_WHAT IS NEEDED:_ Print each entry in full, word for word, with no pictures in the result.

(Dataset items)

___

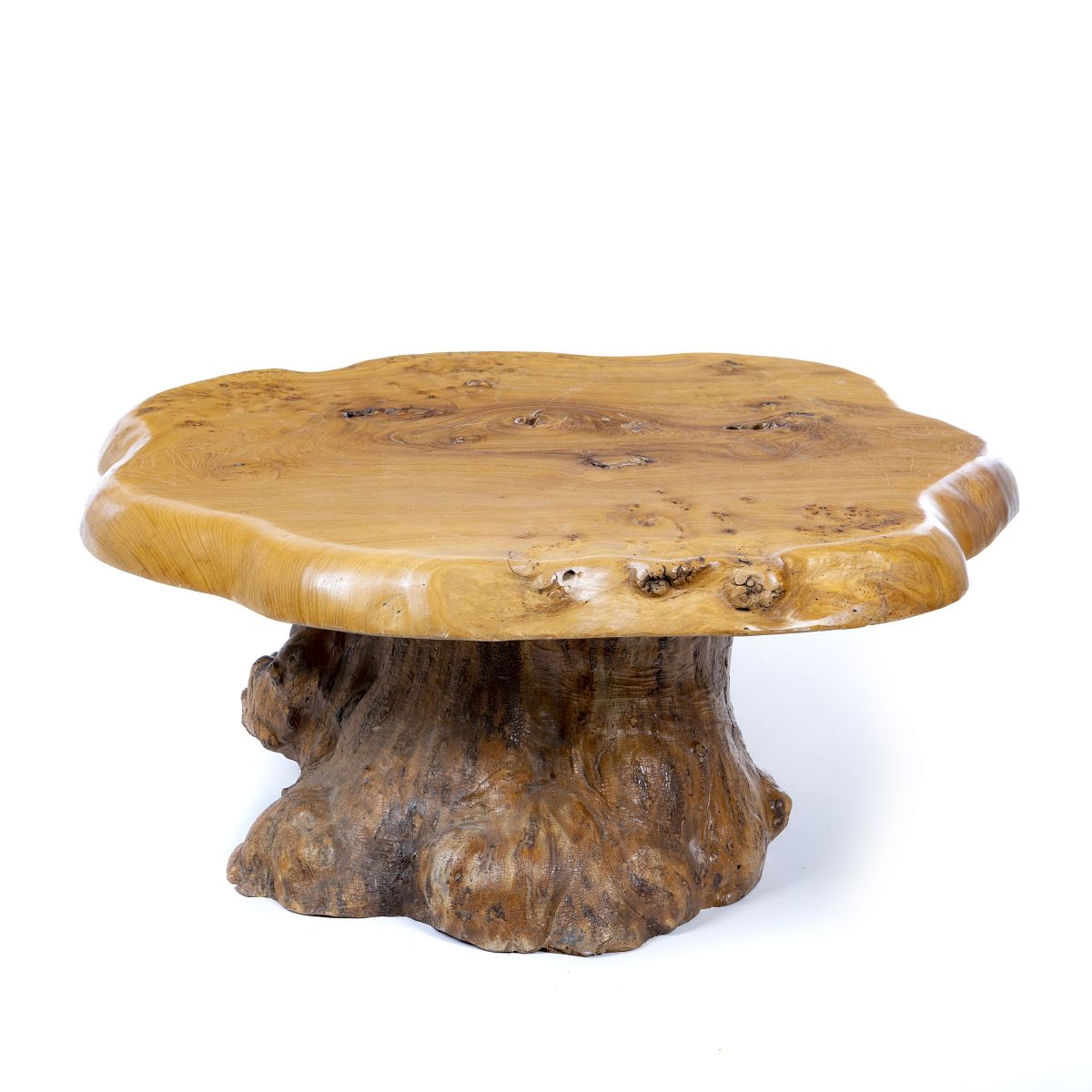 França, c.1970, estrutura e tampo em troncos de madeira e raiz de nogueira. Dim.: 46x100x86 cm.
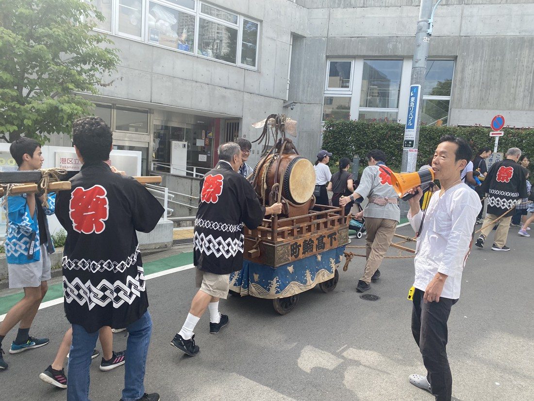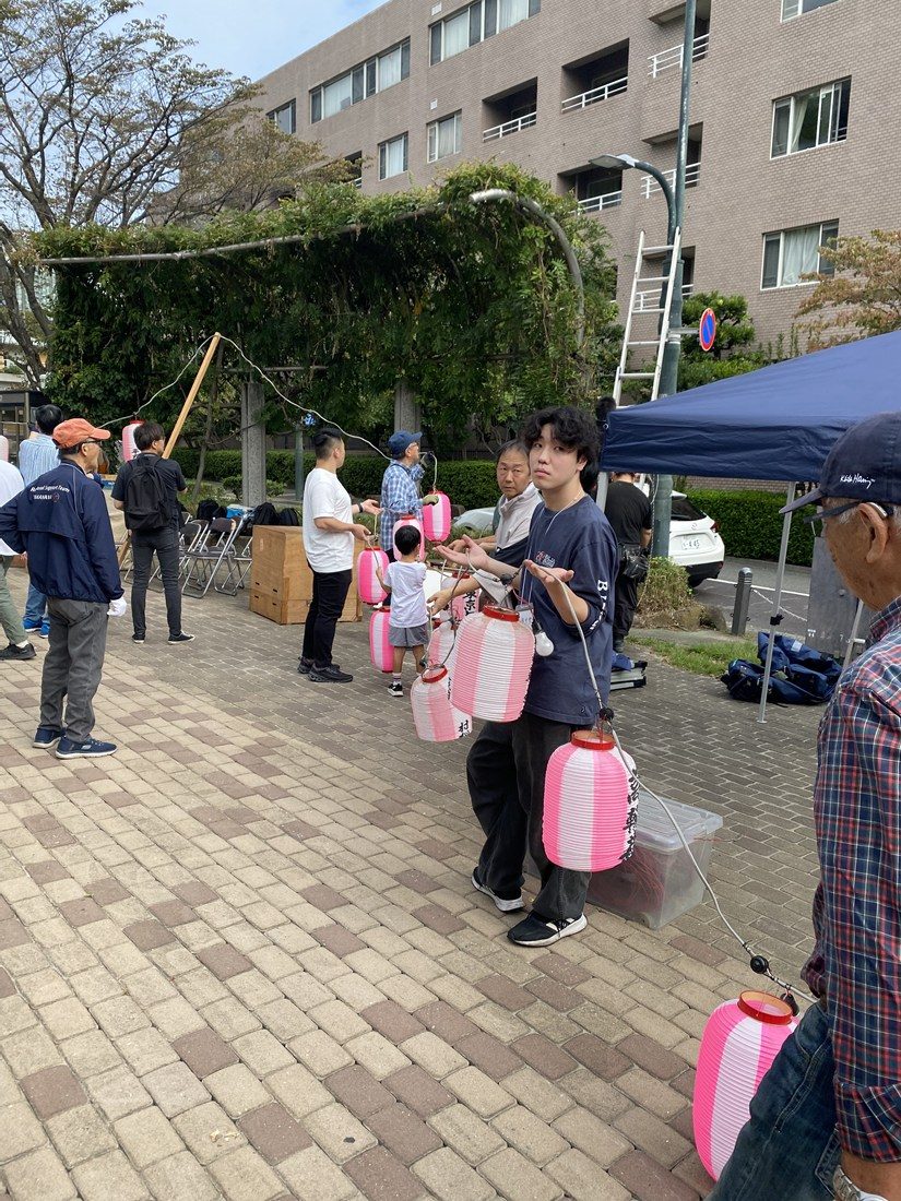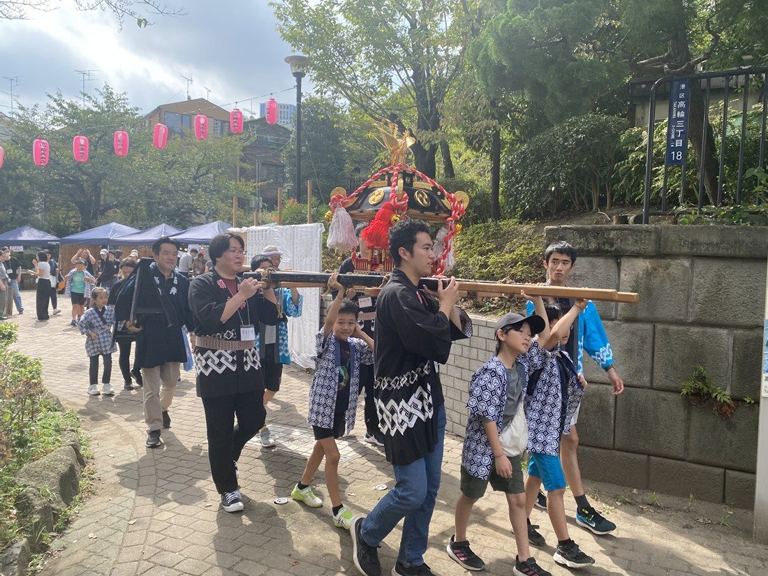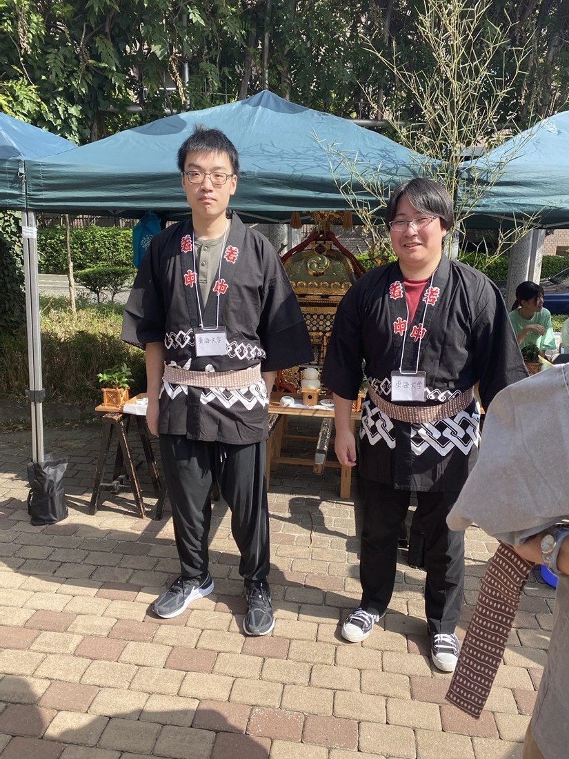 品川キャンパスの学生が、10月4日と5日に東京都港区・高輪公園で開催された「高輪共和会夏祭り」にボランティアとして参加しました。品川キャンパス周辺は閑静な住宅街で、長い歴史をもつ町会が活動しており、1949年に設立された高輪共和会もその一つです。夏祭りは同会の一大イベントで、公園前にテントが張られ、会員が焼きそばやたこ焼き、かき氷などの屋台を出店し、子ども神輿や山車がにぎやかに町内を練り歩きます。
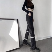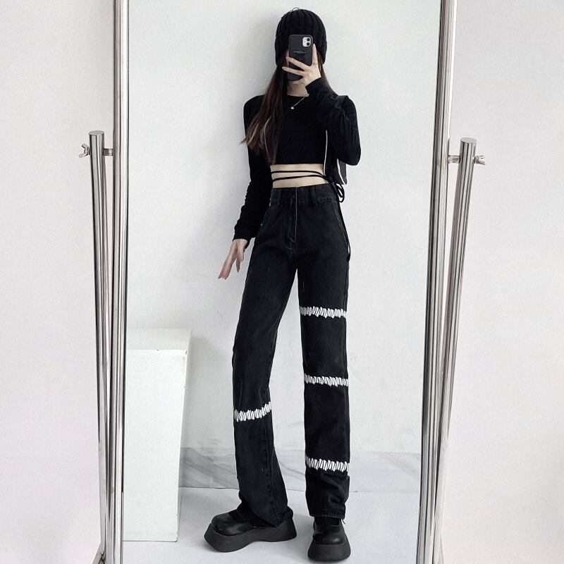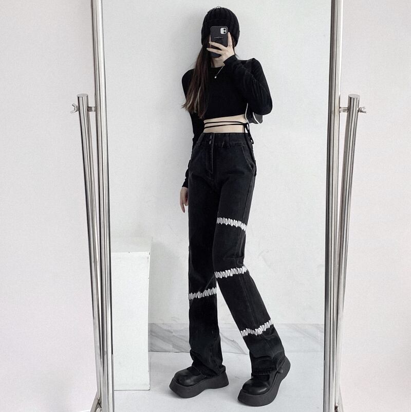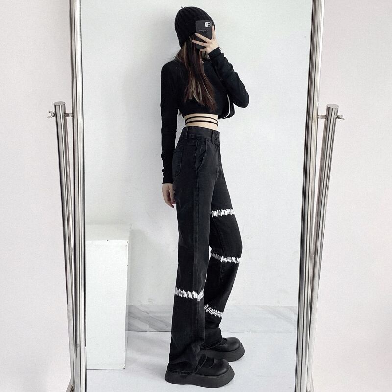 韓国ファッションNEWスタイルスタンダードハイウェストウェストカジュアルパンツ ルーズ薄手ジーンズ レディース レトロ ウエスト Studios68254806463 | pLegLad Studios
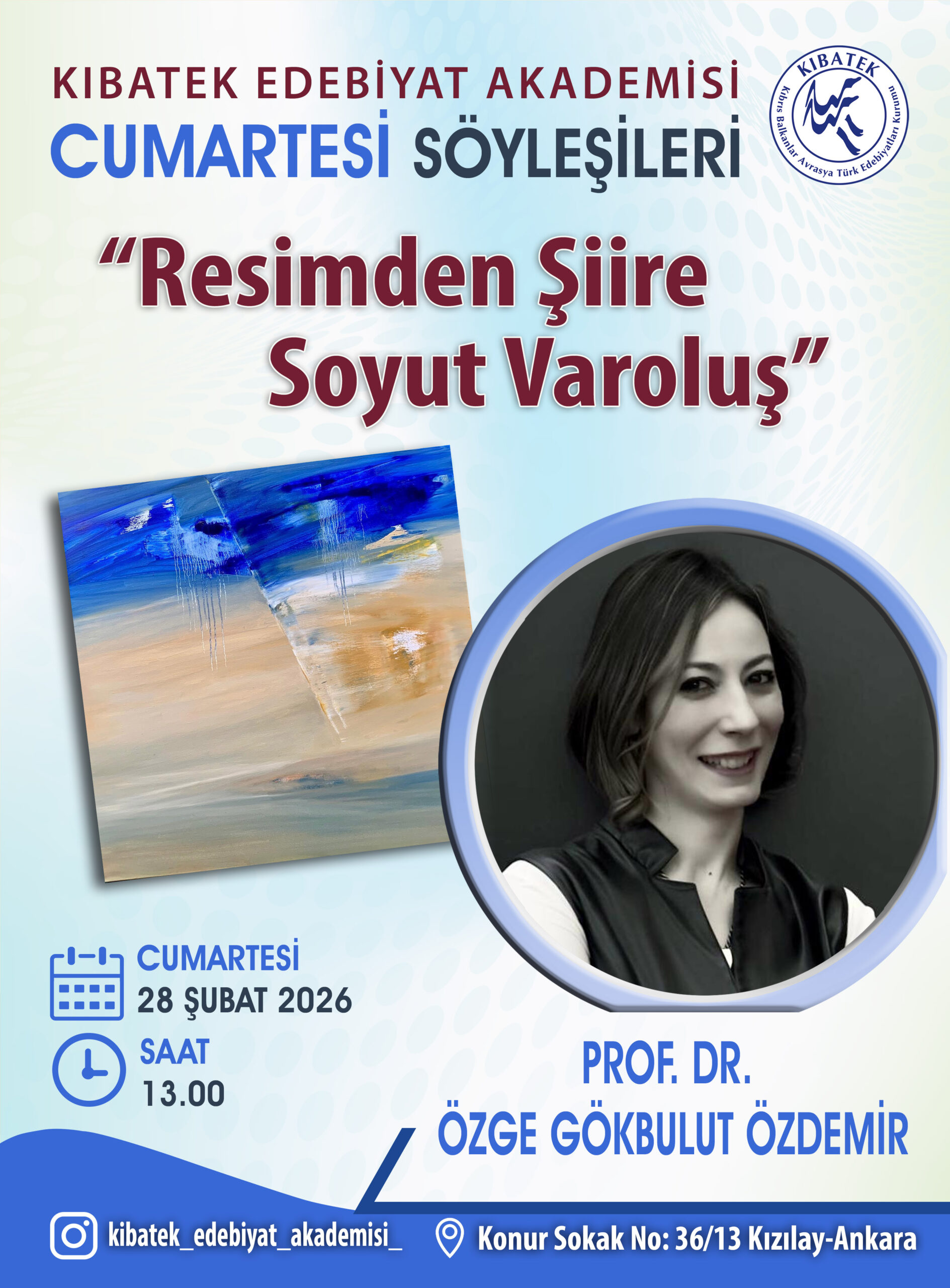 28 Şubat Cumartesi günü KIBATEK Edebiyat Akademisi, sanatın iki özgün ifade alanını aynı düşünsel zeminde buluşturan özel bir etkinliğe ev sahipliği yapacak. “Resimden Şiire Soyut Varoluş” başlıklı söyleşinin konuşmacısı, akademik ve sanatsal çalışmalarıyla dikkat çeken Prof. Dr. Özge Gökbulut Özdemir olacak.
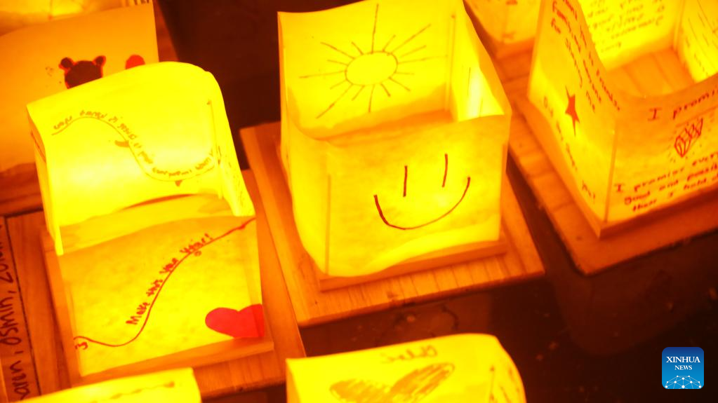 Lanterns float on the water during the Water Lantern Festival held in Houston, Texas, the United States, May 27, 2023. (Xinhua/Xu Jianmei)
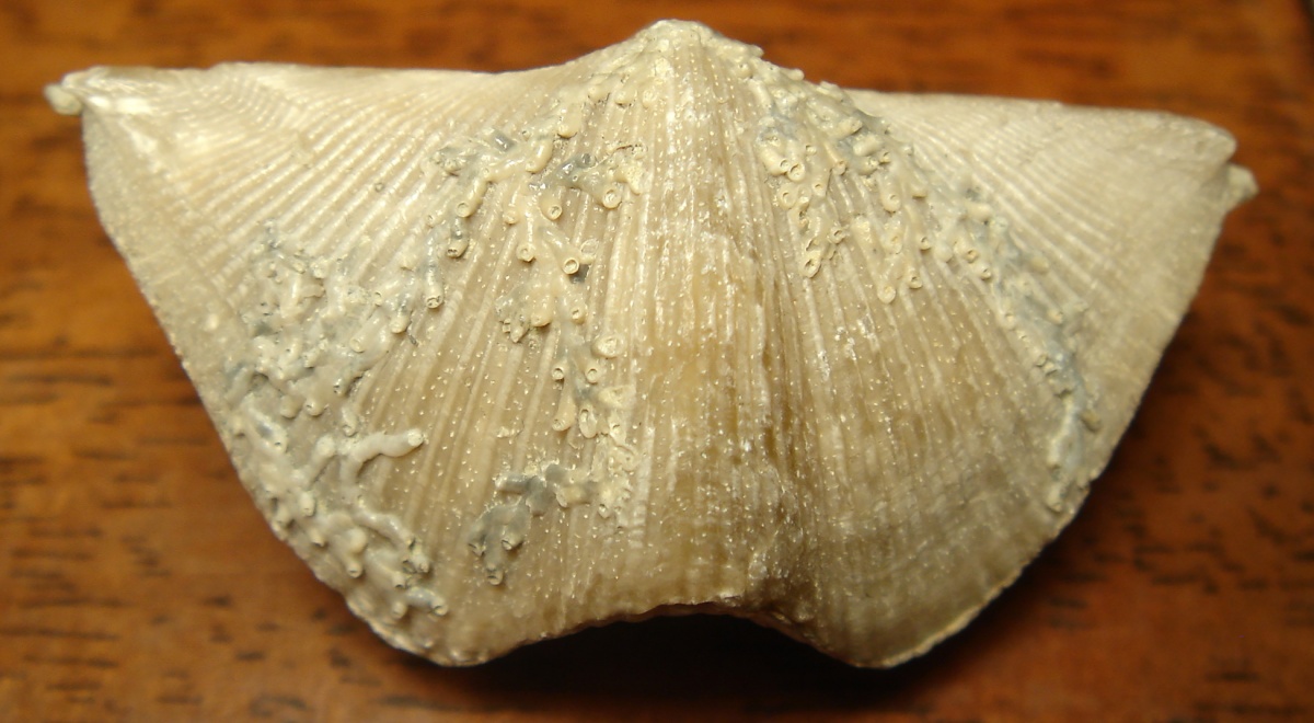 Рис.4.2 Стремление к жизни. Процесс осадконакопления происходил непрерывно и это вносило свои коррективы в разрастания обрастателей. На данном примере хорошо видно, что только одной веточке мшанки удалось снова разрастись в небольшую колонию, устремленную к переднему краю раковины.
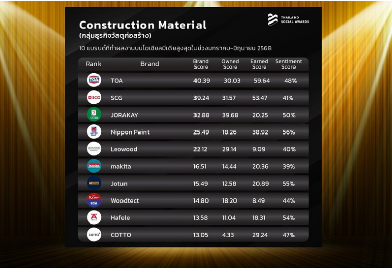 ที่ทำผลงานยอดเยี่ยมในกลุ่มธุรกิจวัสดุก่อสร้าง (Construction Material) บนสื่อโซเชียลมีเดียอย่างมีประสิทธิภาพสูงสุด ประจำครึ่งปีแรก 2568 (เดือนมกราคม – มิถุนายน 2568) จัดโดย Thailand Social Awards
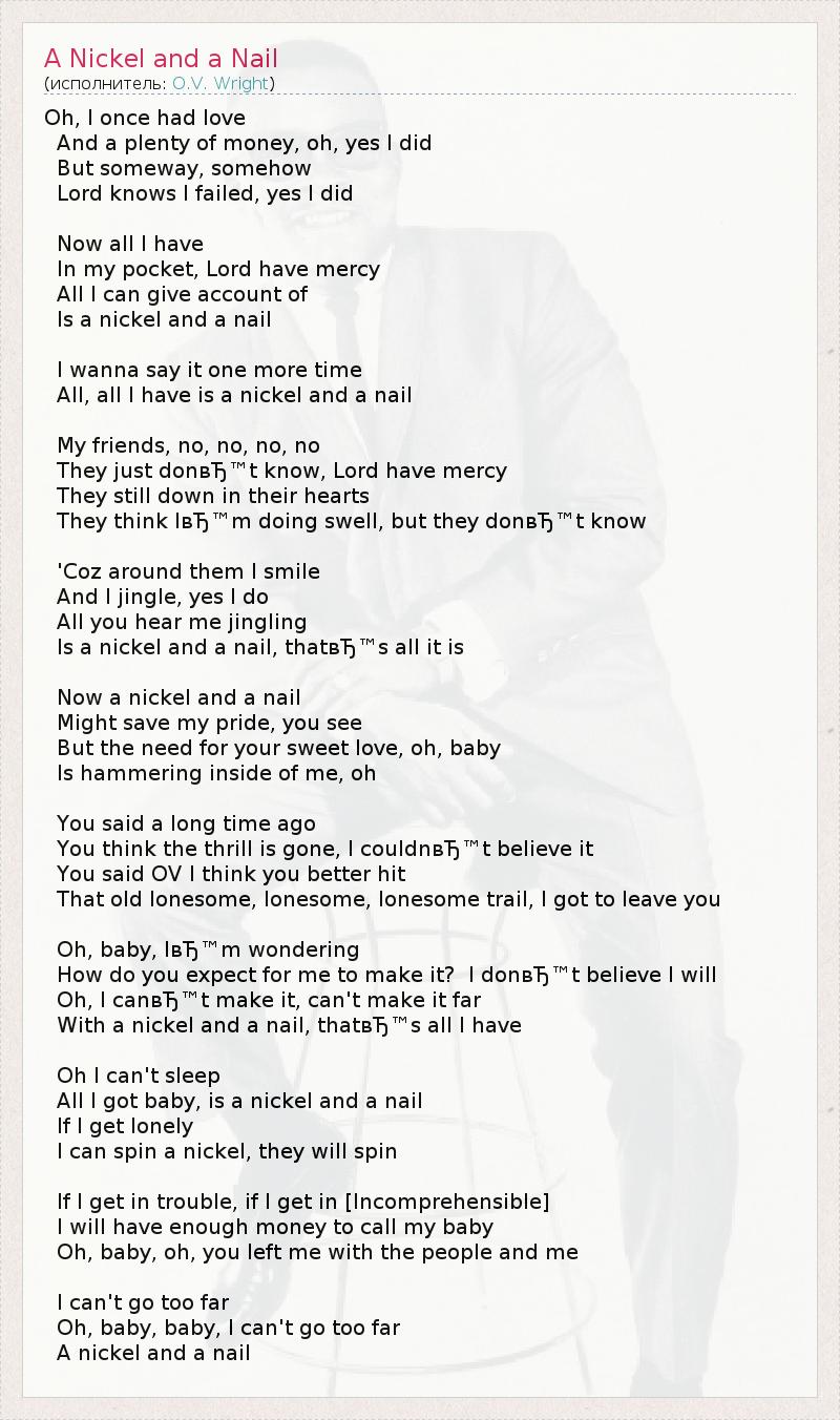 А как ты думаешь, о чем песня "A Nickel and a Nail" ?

___

_EXERCISE OUTPUT:_
 França, c.1970, estrutura e tampo em troncos de madeira e raiz de nogueira. Dim.: 46x100x86 cm.
 品川キャンパスの学生が、10月4日と5日に東京都港区・高輪公園で開催された「高輪共和会夏祭り」にボランティアとして参加しました。品川キャンパス周辺は閑静な住宅街で、長い歴史をもつ町会が活動しており、1949年に設立された高輪共和会もその一つです。夏祭りは同会の一大イベントで、公園前にテントが張られ、会員が焼きそばやたこ焼き、かき氷などの屋台を出店し、子ども神輿や山車がにぎやかに町内を練り歩きます。
 韓国ファッションNEWスタイルスタンダードハイウェストウェストカジュアルパンツ ルーズ薄手ジーンズ レディース レトロ ウエスト Studios68254806463 | pLegLad Studios
 28 Şubat Cumartesi günü KIBATEK Edebiyat Akademisi, sanatın iki özgün ifade alanını aynı düşünsel zeminde buluşturan özel bir etkinliğe ev sahipliği yapacak. “Resimden Şiire Soyut Varoluş” başlıklı söyleşinin konuşmacısı, akademik ve sanatsal çalışmalarıyla dikkat çeken Prof. Dr. Özge Gökbulut Özdemir olacak.
 Lanterns float on the water during the Water Lantern Festival held in Houston, Texas, the United States, May 27, 2023. (Xinhua/Xu Jianmei)
 Рис.4.2 Стремление к жизни. Процесс осадконакопления происходил непрерывно и это вносило свои коррективы в разрастания обрастателей. На данном примере хорошо видно, что только одной веточке мшанки удалось снова разрастись в небольшую колонию, устремленную к переднему краю раковины.
 ที่ทำผลงานยอดเยี่ยมในกลุ่มธุรกิจวัสดุก่อสร้าง (Construction Material) บนสื่อโซเชียลมีเดียอย่างมีประสิทธิภาพสูงสุด ประจำครึ่งปีแรก 2568 (เดือนมกราคม – มิถุนายน 2568) จัดโดย Thailand Social Awards
 А как ты думаешь, о чем песня "A Nickel and a Nail" ?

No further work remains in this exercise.